- [EXERCISE DETAILS] Records follow. Print exactly the lines from the one that has "根据五矿发展自述,2012年" through the one that has "지난 반세기 동안 시민권", inclusive, and omit the pictures.

- [GIVEN RECORDS]
▬▬▬▬▬▬

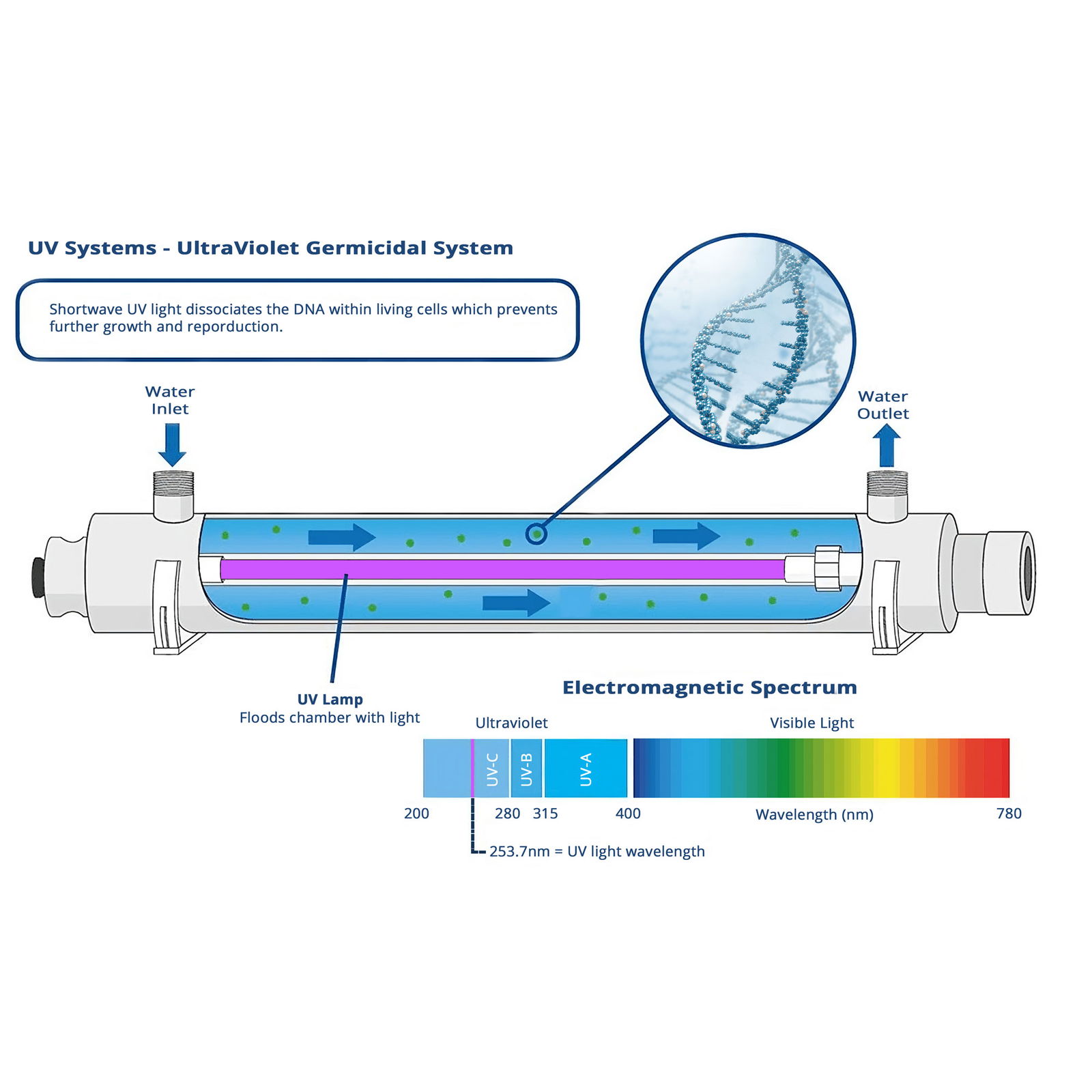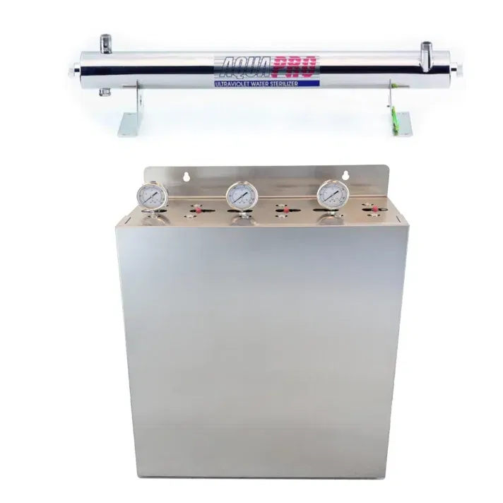 UV Sterilizer (39W, 45 L/min, stainless steel): Kills bacteria, viruses, and protozoa without chemicals
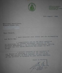 I did many other public spells during the 1980s, with varying degrees of success. My spiritual master advised us apprentice wizards to go out there and get our faces on TV and in the newspapers. I also presented the Archwizard’s South-Up world map (he thought of it first!) to the state Parliament and received this most courteous response:
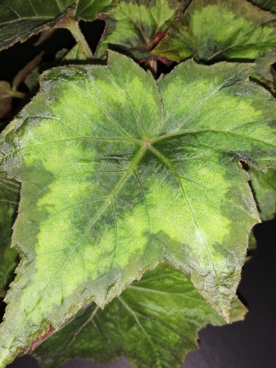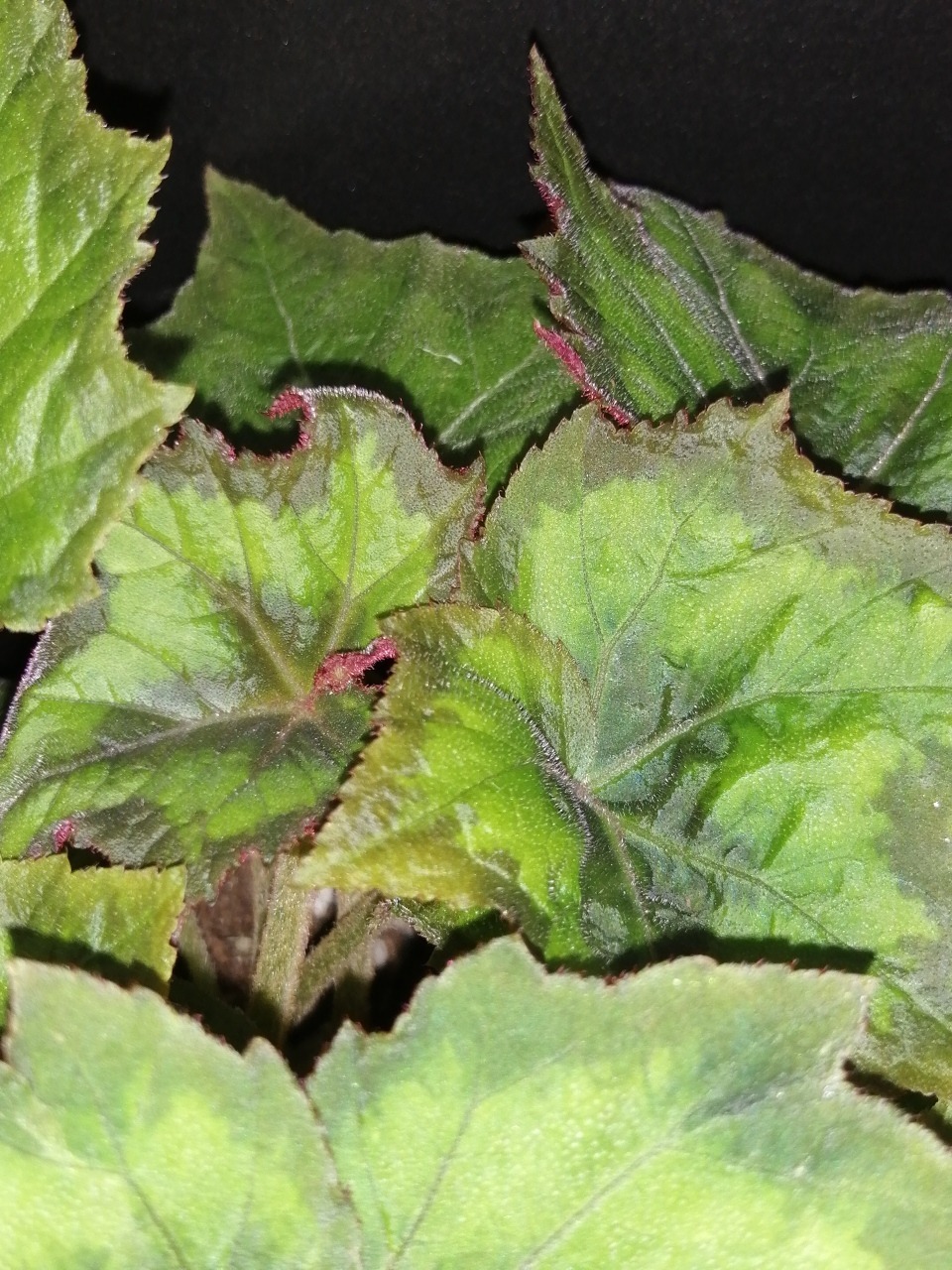 Splendide foglie grandi e profondamente incise, elegantissime, verde chiaro vellutato con zonature verde lime e argento.
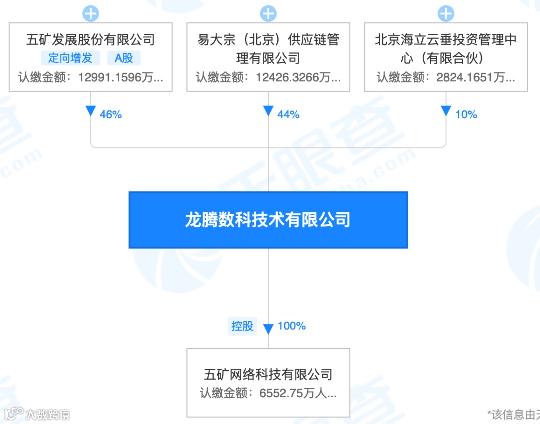 根据五矿发展自述,2012年5月,该公司成立全资子公司五矿电子商务有限公司(简称“五矿电商”)。2015年11月,杭州阿里创业投资有限公司(简称“阿里创投”)增资入股五矿电商,增资后五矿电商系五矿发展与阿里创投、北京海立云垂投资管理中心(有限合伙)共同出资设立的合营企业,各方持股比例分别为46%、44%、10%。2019年12月,阿里创投将其持有的五矿电商44%股权转让给易大宗(北京)供应链管理有限公司。
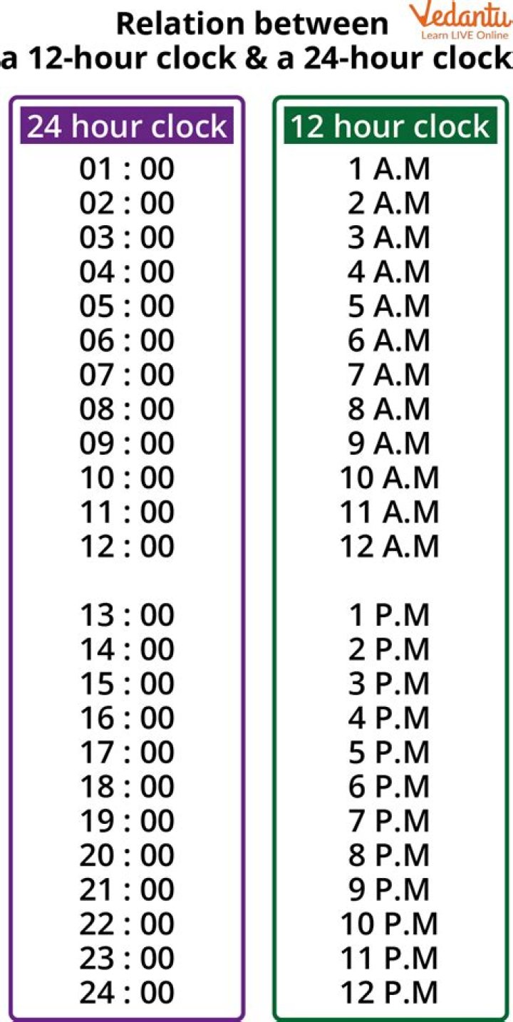 The 12-hour clock runs from 1am to 12 noon and then from 1pm to 12 midnight. The 24-hour clock uses the numbers 00:00 to 23:59 (midnight is 00:00).
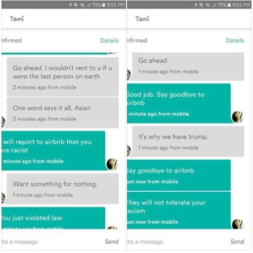 지난 반세기 동안 시민권 운동의 일환으로 호텔에서의 차별에 대해 보호받을 권리를 얻었는데, 에어비앤비가 이를 무너트리고 있는 거나 다름없다는 의견도 있고요. 에어비앤비 측은 이를 위해 여러 정책을 동원해 호스트들에게 계약상 차별금지 조항에 서명하게 하고 있으나, 지속적인 문제가 발생하고 있다는 점에서 관리가 되지 않는다는 평가를 받고 있어요.
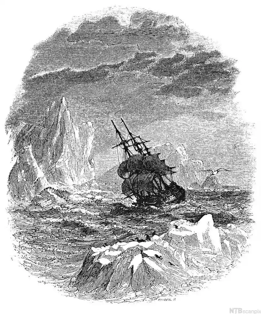 1838年,美国作家爱伦坡创作了他唯一一部长篇小说《楠塔基特的亚瑟戈登·皮姆的自述》(TheNarrativeofArthurGordonPymofNantucket),故事以旅行日记的方式呈现,以一位极地探险幸存者的口吻,回忆了自己的极地之旅。在序言中皮姆写到,自己之前一直不愿意将这段传奇故事付梓,担心读者怀疑故事的真实性。在编辑爱伦坡的催促下,他将其以虚构故事的形式出版。接着他讲述了自己如何登上捕鲸船,经历海难、叛乱、食人族,直至最后被另一艘船的船员救起,继续向南航行,途中遇见黑人土著,被困住,顺利逃脱的种种经历。在皮姆跟随船员一路向南极点进发的路上,小说戛然而止。
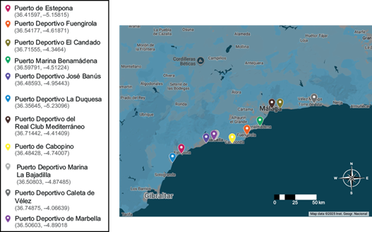 The Mediterranean Sea is a continental sea that connects to the Atlantic Ocean through the Strait of Gibraltar and to the Indian Ocean through the Suez Canal. Surrounded by the continents of Europe, Africa, and Asia, this sea, with an area of approximately 2.5 million km² and a length of 3860 km, is the second-largest inland sea on the planet, surpassed only by the Caribbean Sea. Its pollution is not only due to occasional accidents, but also to commercial and tourist activity. In the case of coastal areas of the Mediterranean Sea, such as Costa del Sol (Málaga and Granada, Spain), a large part of this pollution is due to the increase in tourist and recreational activities, due to the use of motor boats (cruises, yachts, sport fishing boats, etc.). Malaga is one of the main tourist destinations on the Iberian Peninsula, welcoming approximately 2.6 million travelers between June and August 2023, with tourism increasing by 4.8% since 2022 (CSM 2023, DPM 2024). In addition, in relation to tourism revenue, an increase of 10.1% was estimated from 2022. Currently, the province of Malaga has 11 marinas along its coast (Fig. 1).
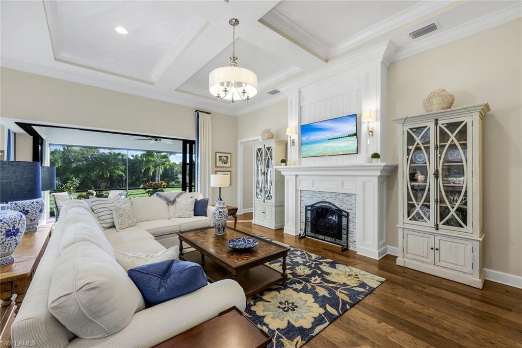 Stunning Pinnacle Model with Exceptional Upgrades Throughout Discover refined living in this beautifully appointed Pinnacle model, offering 3 bedrooms + den, 3 baths, and an oversized 3-car garage extended by 4 feet with an epoxy floor. Designed for both elegance and comfort, this home features an open-concept floor plan enriched with premium finishes at every turn. Step inside to find tray ceilings, crown molding, custom window treatments, and plantation shutters that elevate each space. Gorgeous wood flooring flows throughout the main living areas and bedrooms, with tile in the baths and laundry room. The den/home office showcases French doors and wood inlay ceiling details, which continue into the great room and lanai for a cohesive, upscale design. A beautiful fireplace adds warmth and ambiance, creating a welcoming focal point in the main living area. The gourmet kitchen is a true showpiece, boasting quartz countertops, upgraded KitchenAid appliances, and a wine bar—ideal for both everyday living and effortless entertaining. Zero-corner sliders open wide to the screened lanai and extended paver patio, offering seamless indoor-outdoor living perfect for gatherings or quiet relaxation. There is plenty of room to add your own custom pool if desired. Retreat to the serene primary suite, highlighted by a shiplap accent wall that adds charm and character to the space. The suite is complemented by a spacious, beautifully designed bathroom, offering the perfect blend of comfort and luxury. Additional features include impact windows and doors as well as a whole house generator for year-round peace of mind. Located within a highly amenitized community, residents enjoy an exceptional lifestyle with tennis, pickleball, bocce, and a vibrant food and beverage program, including a restaurant and outdoor bar. A fabulous resort-style pool anchors the social hub of the community. Every homeowner is a social member, with the added benefit of off-season golf access or the option to purchase a full golf membership. This home combines thoughtful upgrades, timeless style, and an extraordinary community lifestyle—crafted to impress even the most discerning buyer.
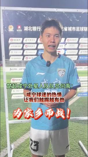 - 为家乡而战!楚超咸宁外星人队队员何禹:咸宁球迷的热情让我们越踢越有劲
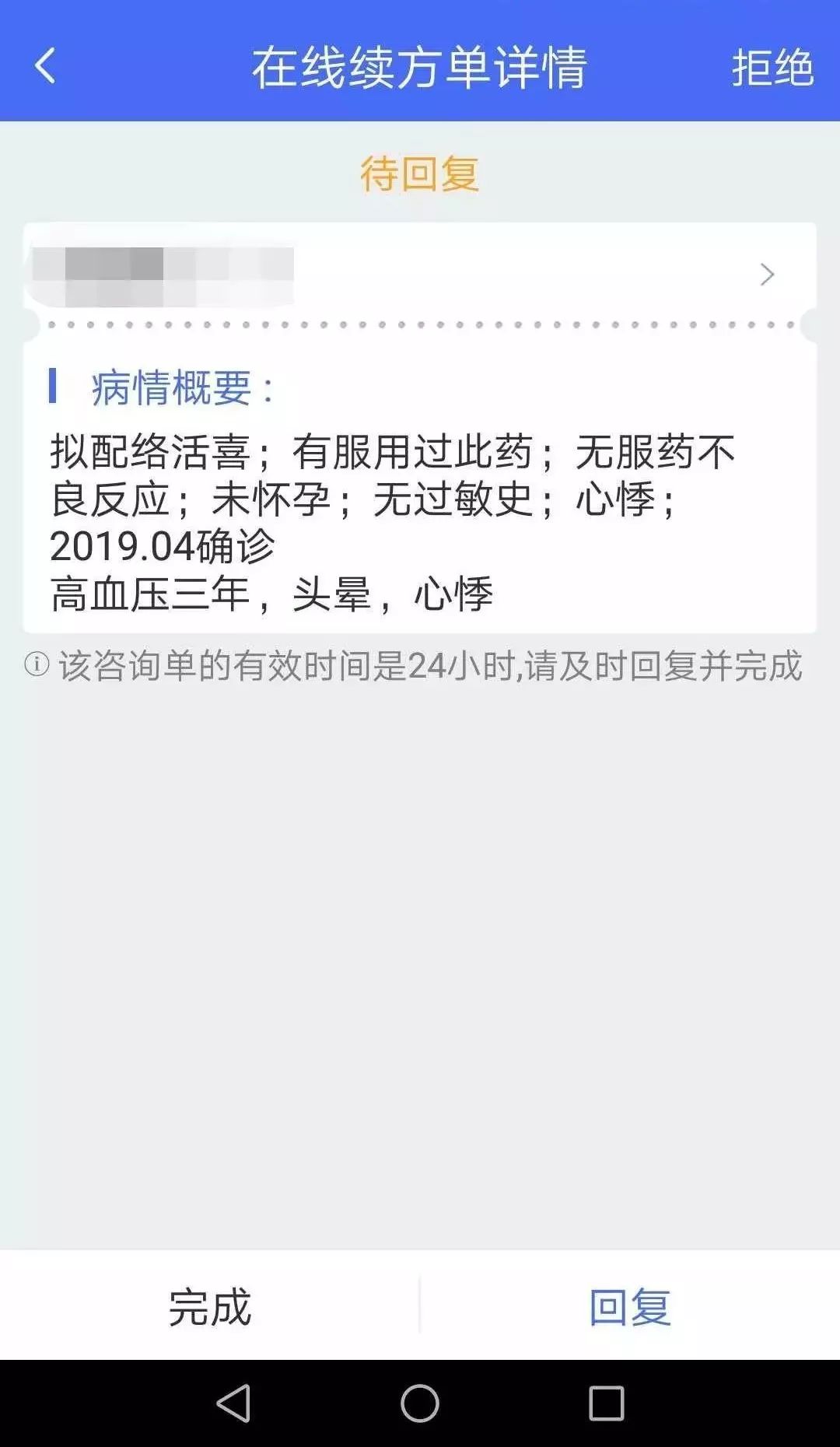 针对慢病复诊患者,可通过慢病续方平台在线发起申请,医生在线调阅其线下就诊记录的病历及处方内容,根据实际情况予以复方,处方还将经过药师的再次审核。患者持医师和药师审核后的处方到药店购药,同时确保了便捷性和安全性。
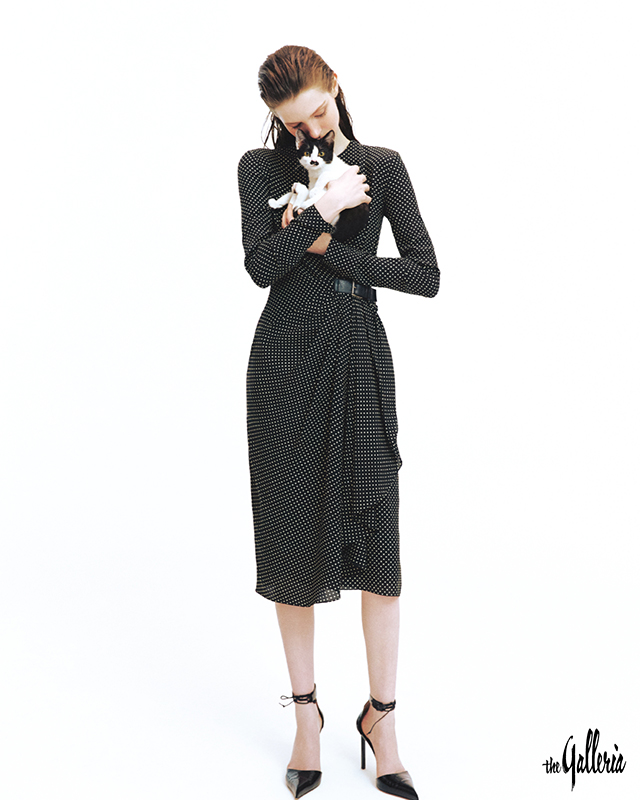 TOM FORD 도트 패턴과 벨트 장식으로 우아한 드레이프 디자인을 완성한 드레스, 스트랩으로 발목을 강조한 펌프스. -
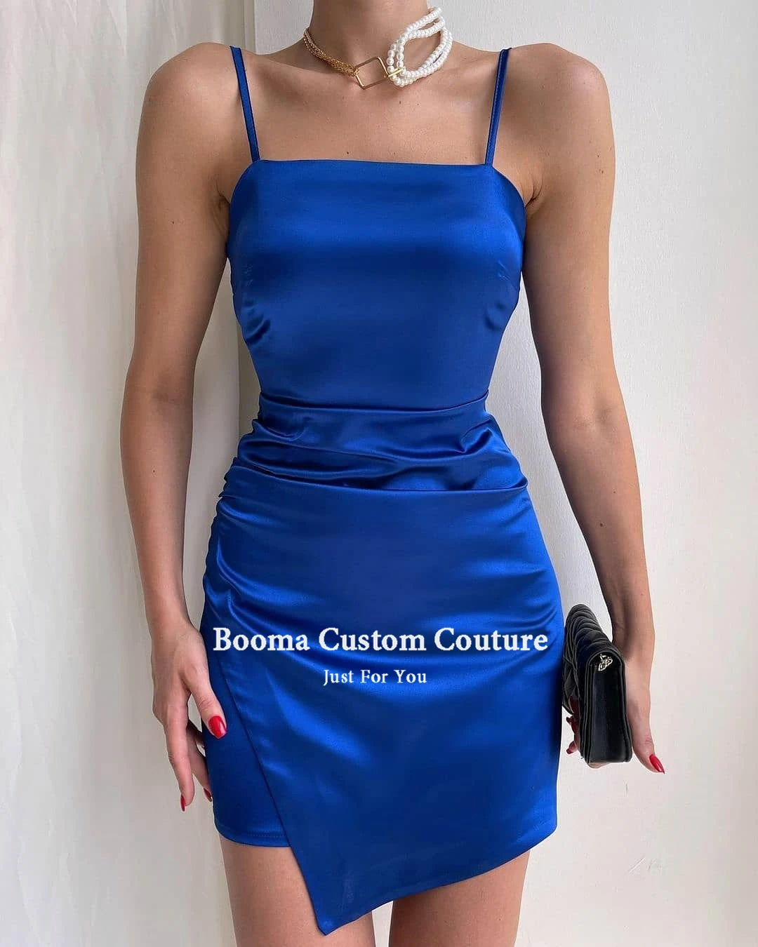 Коктейльные платья Booma из атласа Королевского синего цвета, Клубное платье мини на тонких бретелях, сексуальные платья для вечеринок с рюшами, 2021
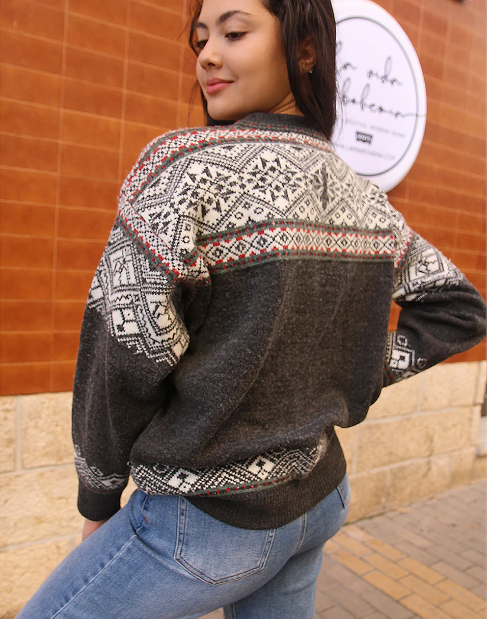 Measurements – 44″(112cm) bust – 20″(51cm) sleeve length – 25″(64cm) length.

▬▬▬▬▬▬

- [RESPONSE TO THE EXERCISE]
 根据五矿发展自述,2012年5月,该公司成立全资子公司五矿电子商务有限公司(简称“五矿电商”)。2015年11月,杭州阿里创业投资有限公司(简称“阿里创投”)增资入股五矿电商,增资后五矿电商系五矿发展与阿里创投、北京海立云垂投资管理中心(有限合伙)共同出资设立的合营企业,各方持股比例分别为46%、44%、10%。2019年12月,阿里创投将其持有的五矿电商44%股权转让给易大宗(北京)供应链管理有限公司。
 The 12-hour clock runs from 1am to 12 noon and then from 1pm to 12 midnight. The 24-hour clock uses the numbers 00:00 to 23:59 (midnight is 00:00).
 지난 반세기 동안 시민권 운동의 일환으로 호텔에서의 차별에 대해 보호받을 권리를 얻었는데, 에어비앤비가 이를 무너트리고 있는 거나 다름없다는 의견도 있고요. 에어비앤비 측은 이를 위해 여러 정책을 동원해 호스트들에게 계약상 차별금지 조항에 서명하게 하고 있으나, 지속적인 문제가 발생하고 있다는 점에서 관리가 되지 않는다는 평가를 받고 있어요.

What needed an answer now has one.